*** Recorded information ***
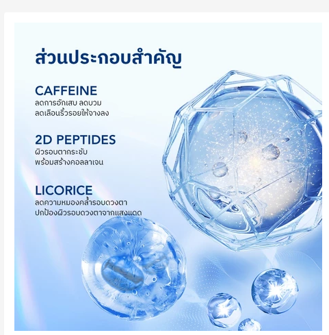 הפורמולה משלבת קפאין, פפטידים פעילים ותמצית ליקוריץ, לפעולה משולבת של מיצוק, הבהרה והחייאת העור סביב העיניים.
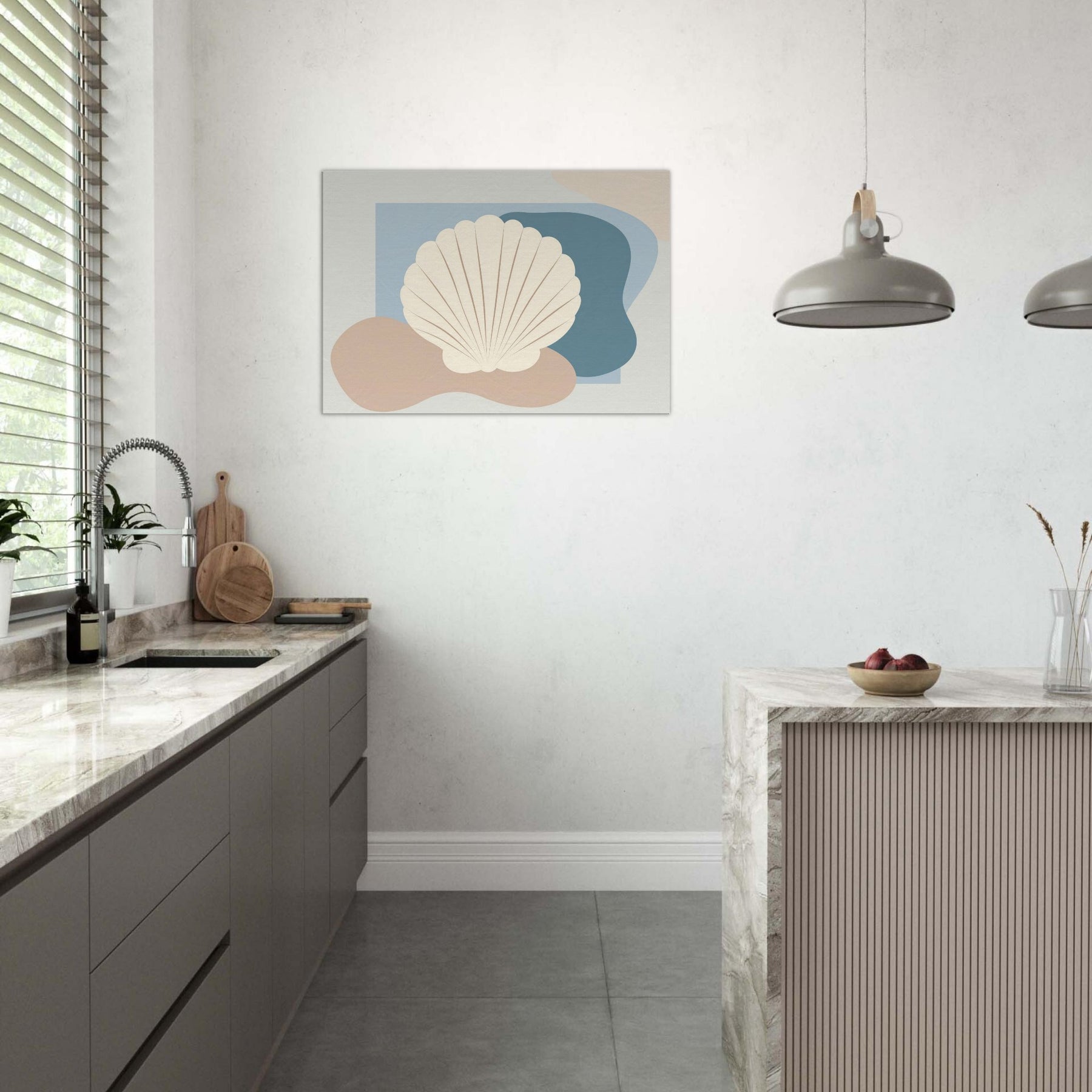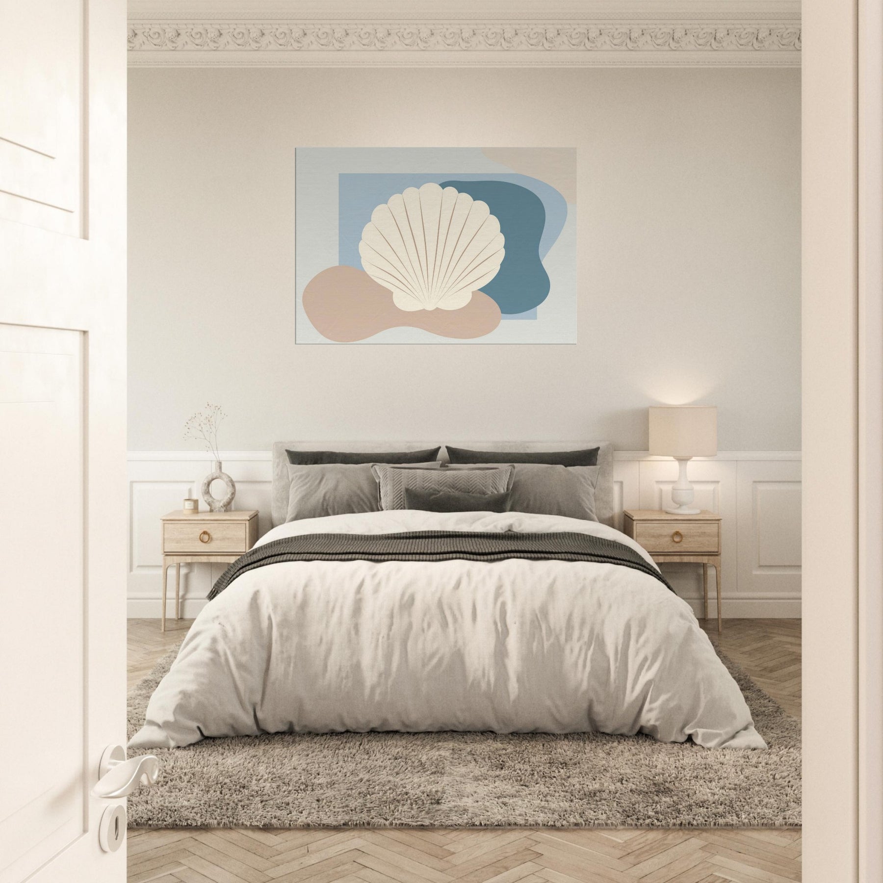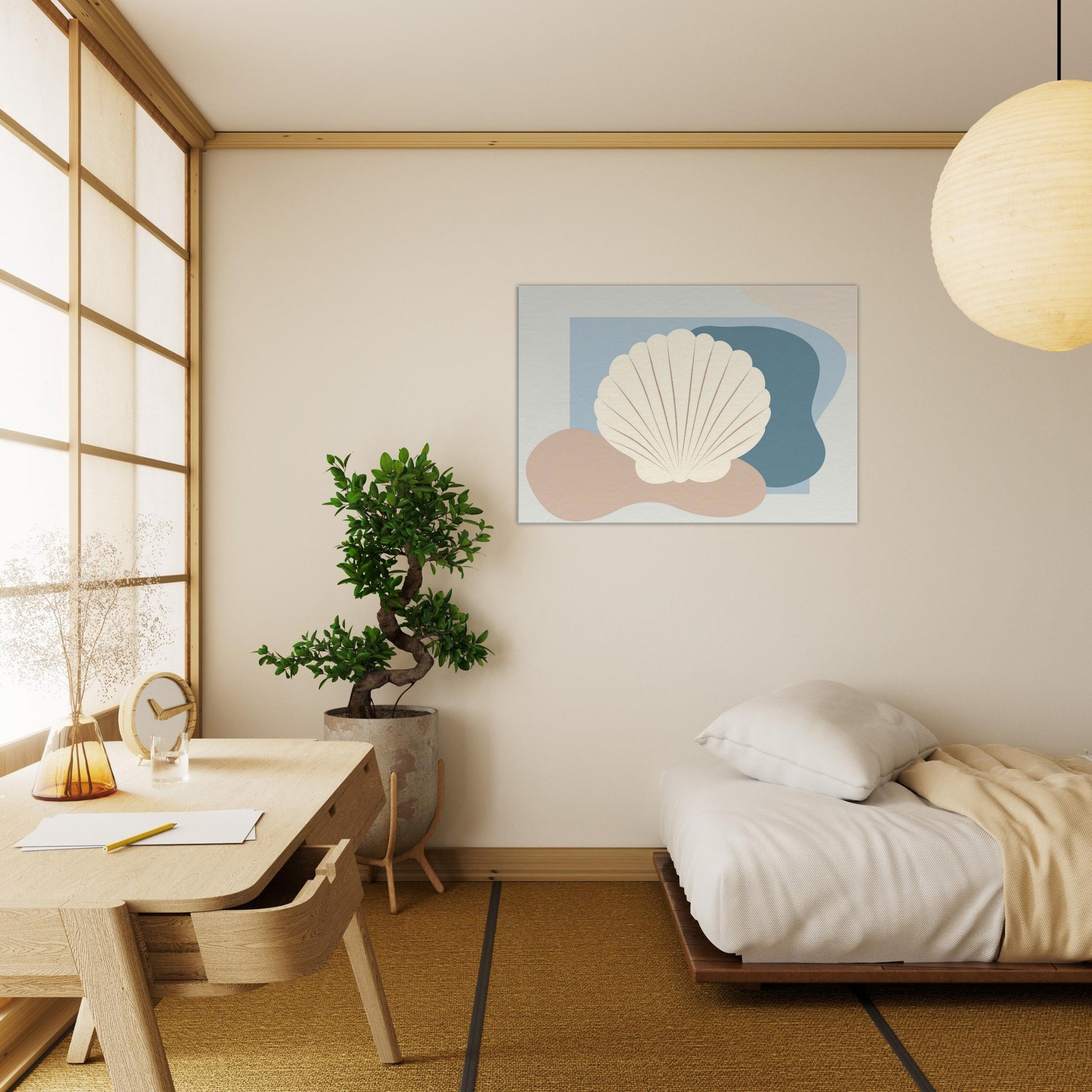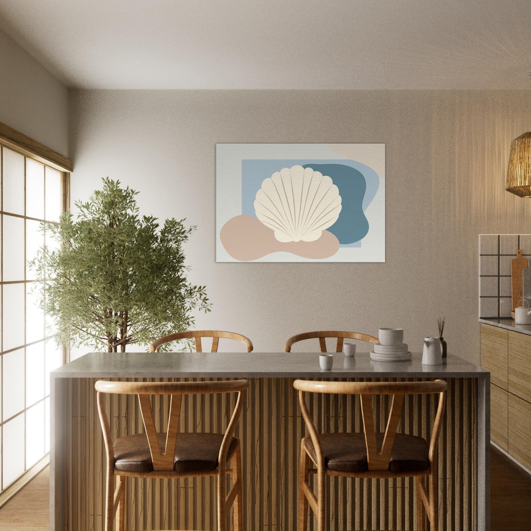 Hovering in soft light, this Seashell artwork distills the quiet rhythm of the shore into a single, serene presence. The minimalist silhouette sits against gentle blues and warm sand tones, inviting calm into your living space. Its airy contour echoes a shoreline breeze, while the creamy shell shape adds texture and tactility from every angle. Hang it above a sofa or bed to conjure coastal stillness, a tranquil focal point that softens walls and invites quiet reflection.
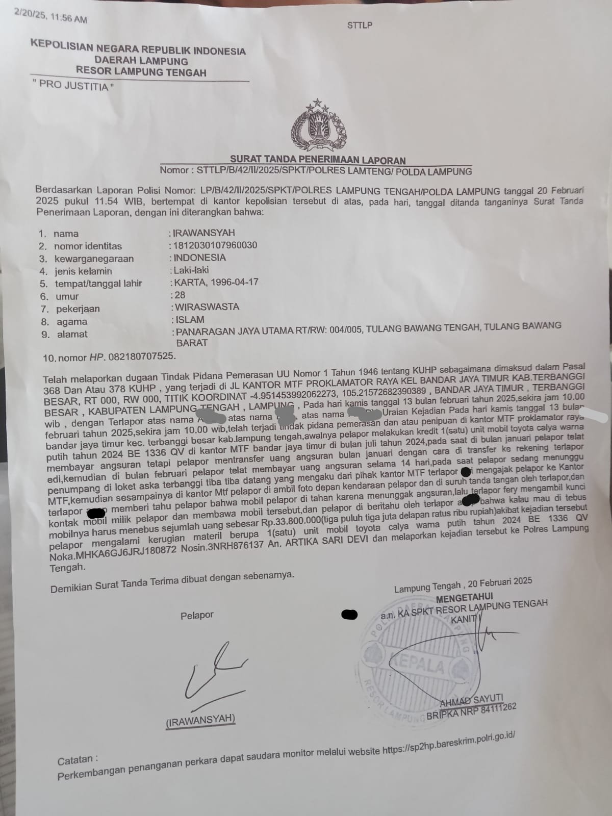 Diduga Irawansyah Debitur Nasabah Perusahaan Mandiri Tunas Finance Bandar Jaya Merasa Ditipu Dirinya Lapor Polisi
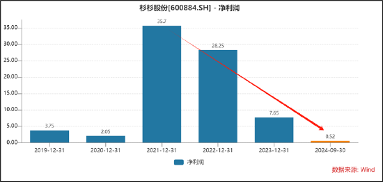 在行业周期压力下,杉杉股份利润快速缩水,将陷入亏损边缘。三季报显示,公司2024年前三季度实现营业收入132.84亿元,同比下降9.69%;实现归母净利润2321.29万元,同比下降98.07%。需要指出的是,公司2021年净利润高达35亿元,显然公司盈利在大幅缩水。
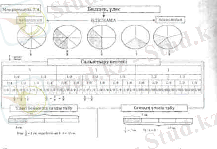 - Бастауыш сынып математикасында үлес және бөлшек ұғымдарын кеңейтіп оқытудың маңызын сипаттау ;
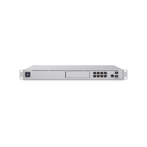 Cloud Gateway 10G con doble WAN, switch PoE integrado y NVR, con soporte para 100+ dispositivos UniFi, 1,000+ clientes simultáneos y rendimiento IDS/IPS de 3.5 Gbps.
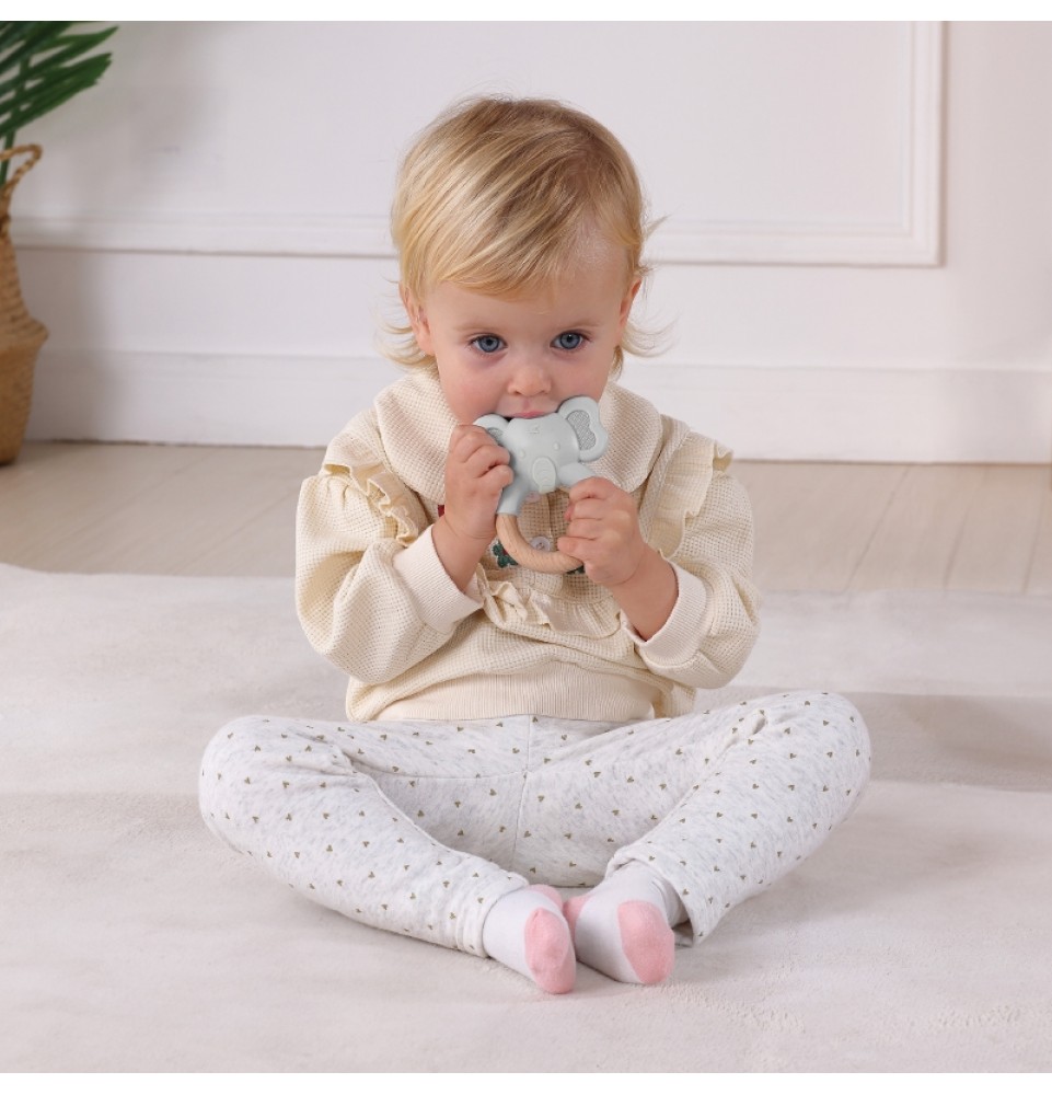 Šis žavus dramblys taps geriausiu jūsų vaiko draugu. Jis visiškai saugus , lengvai valomas , o natūrali mediena yra antibakterinė , dėl savo tekstūros suteikdama naują jutiminę patirtį. Minkštas silikonas ramina jautrias jūsų mažylio dantenas , o tai labai svarbu dygstant dantukams. Be to, dramblys puikiai telpa į mažas kūdikio rankytes, lavindamas vaizduotę.
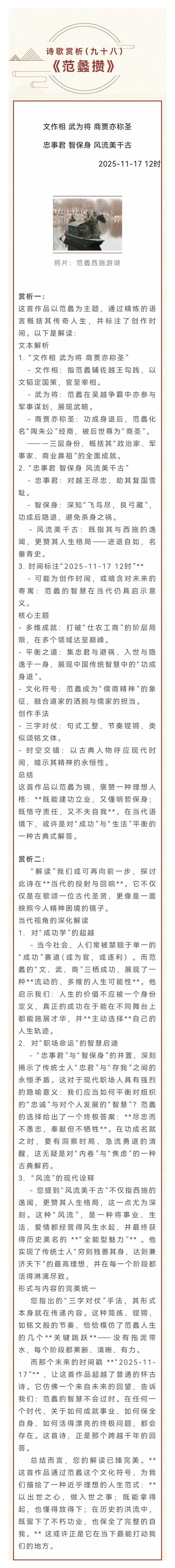 【侯庆桥·兮辞】诗歌赏析(九十八)范蠡攒 2025-11-17 本文被阅读 1 次
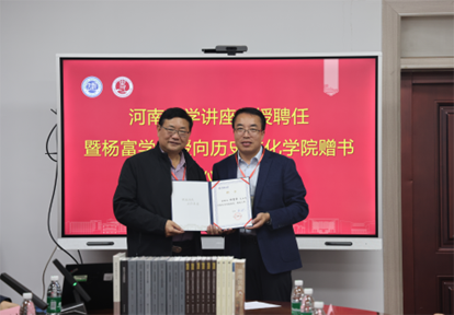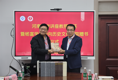 接受杨富学教授赠书。
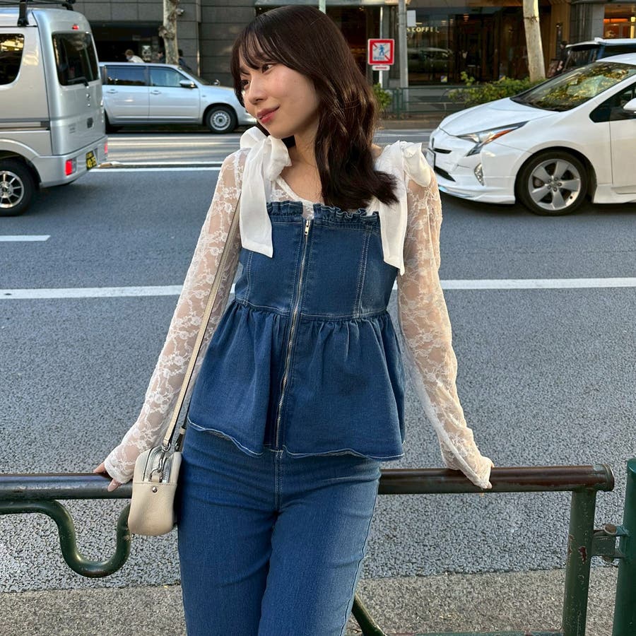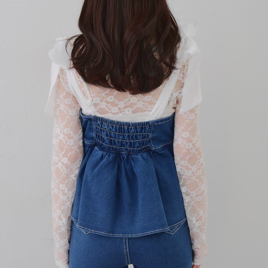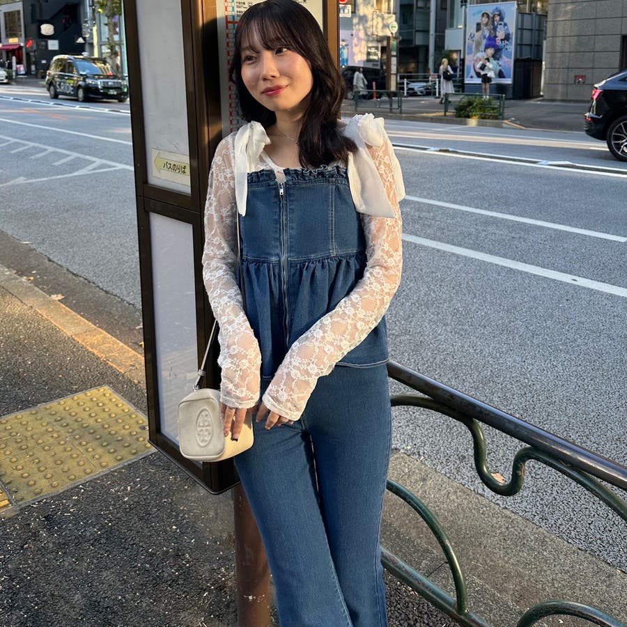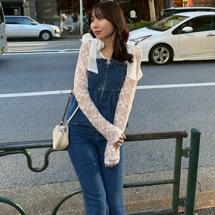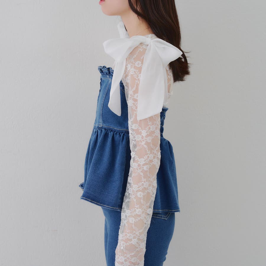 ・オーガン素材の肩リボンがガーリーな印象のデニムサロペ。
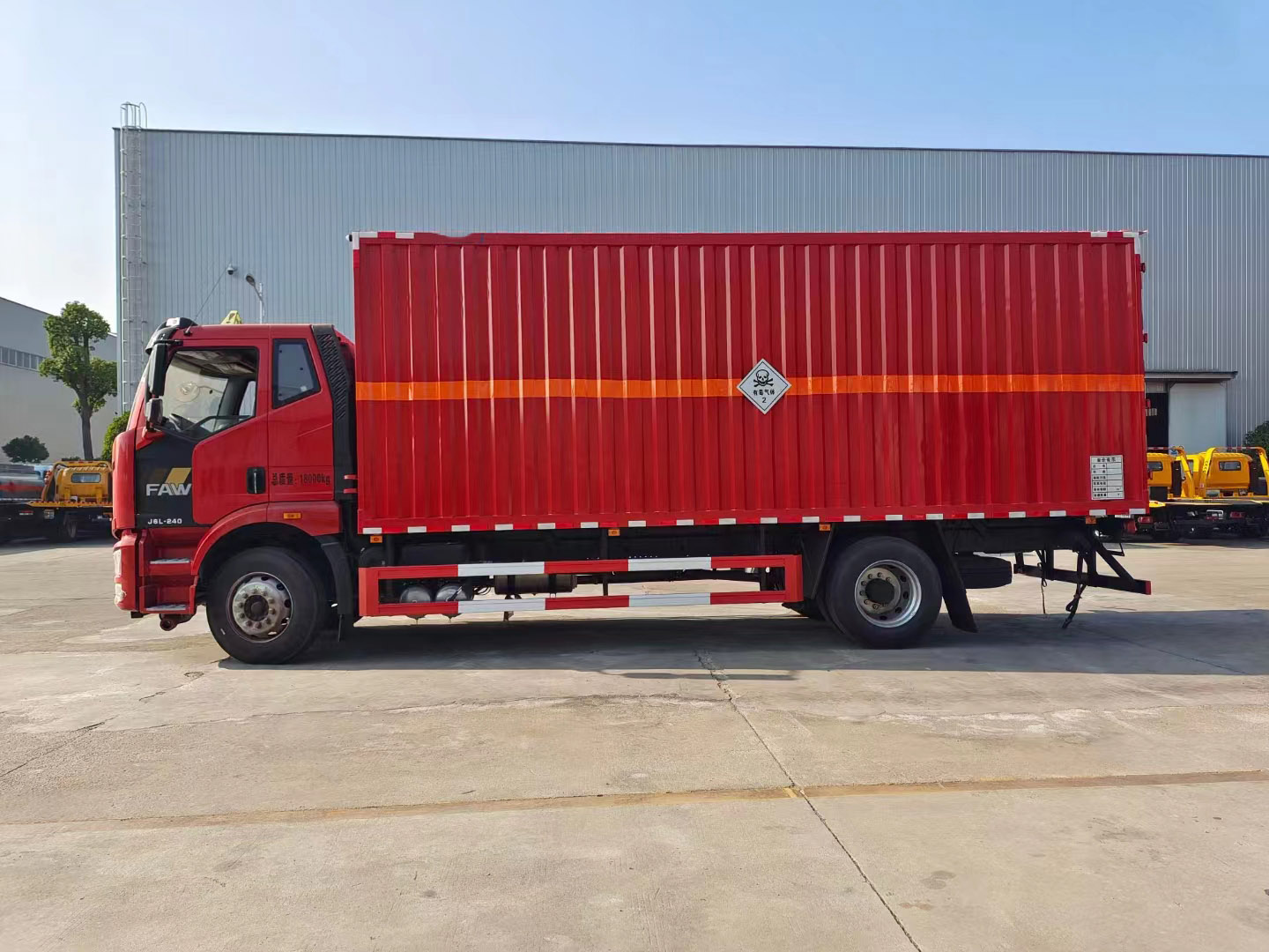 解放J6L國六毒性氣體廂式運輸車采用的是解放危險品專用底盤,懸浮半高頂駕駛室,6缸240馬力發動機,帶中控鎖、電動液晶儀表、電動玻璃升降、電動后視鏡(智能化設計,讓您使用)。該車帶側圍網兜、后圍窗簾導軌、全景窗簾導軌、頭頂放物盒、在市場上非常難得是該車為駕駛員座椅為空氣減振座椅、中間座椅。
***
:: Instructions to follow ::
Every line of the records above should be reproduced exactly, with no pictures included.

:: Output of the exercise ::
 הפורמולה משלבת קפאין, פפטידים פעילים ותמצית ליקוריץ, לפעולה משולבת של מיצוק, הבהרה והחייאת העור סביב העיניים.
 Hovering in soft light, this Seashell artwork distills the quiet rhythm of the shore into a single, serene presence. The minimalist silhouette sits against gentle blues and warm sand tones, inviting calm into your living space. Its airy contour echoes a shoreline breeze, while the creamy shell shape adds texture and tactility from every angle. Hang it above a sofa or bed to conjure coastal stillness, a tranquil focal point that softens walls and invites quiet reflection.
 Diduga Irawansyah Debitur Nasabah Perusahaan Mandiri Tunas Finance Bandar Jaya Merasa Ditipu Dirinya Lapor Polisi
 在行业周期压力下,杉杉股份利润快速缩水,将陷入亏损边缘。三季报显示,公司2024年前三季度实现营业收入132.84亿元,同比下降9.69%;实现归母净利润2321.29万元,同比下降98.07%。需要指出的是,公司2021年净利润高达35亿元,显然公司盈利在大幅缩水。
 - Бастауыш сынып математикасында үлес және бөлшек ұғымдарын кеңейтіп оқытудың маңызын сипаттау ;
 Cloud Gateway 10G con doble WAN, switch PoE integrado y NVR, con soporte para 100+ dispositivos UniFi, 1,000+ clientes simultáneos y rendimiento IDS/IPS de 3.5 Gbps.
 Šis žavus dramblys taps geriausiu jūsų vaiko draugu. Jis visiškai saugus , lengvai valomas , o natūrali mediena yra antibakterinė , dėl savo tekstūros suteikdama naują jutiminę patirtį. Minkštas silikonas ramina jautrias jūsų mažylio dantenas , o tai labai svarbu dygstant dantukams. Be to, dramblys puikiai telpa į mažas kūdikio rankytes, lavindamas vaizduotę.
 【侯庆桥·兮辞】诗歌赏析(九十八)范蠡攒 2025-11-17 本文被阅读 1 次
 接受杨富学教授赠书。
 ・オーガン素材の肩リボンがガーリーな印象のデニムサロペ。
 解放J6L國六毒性氣體廂式運輸車采用的是解放危險品專用底盤,懸浮半高頂駕駛室,6缸240馬力發動機,帶中控鎖、電動液晶儀表、電動玻璃升降、電動后視鏡(智能化設計,讓您使用)。該車帶側圍網兜、后圍窗簾導軌、全景窗簾導軌、頭頂放物盒、在市場上非常難得是該車為駕駛員座椅為空氣減振座椅、中間座椅。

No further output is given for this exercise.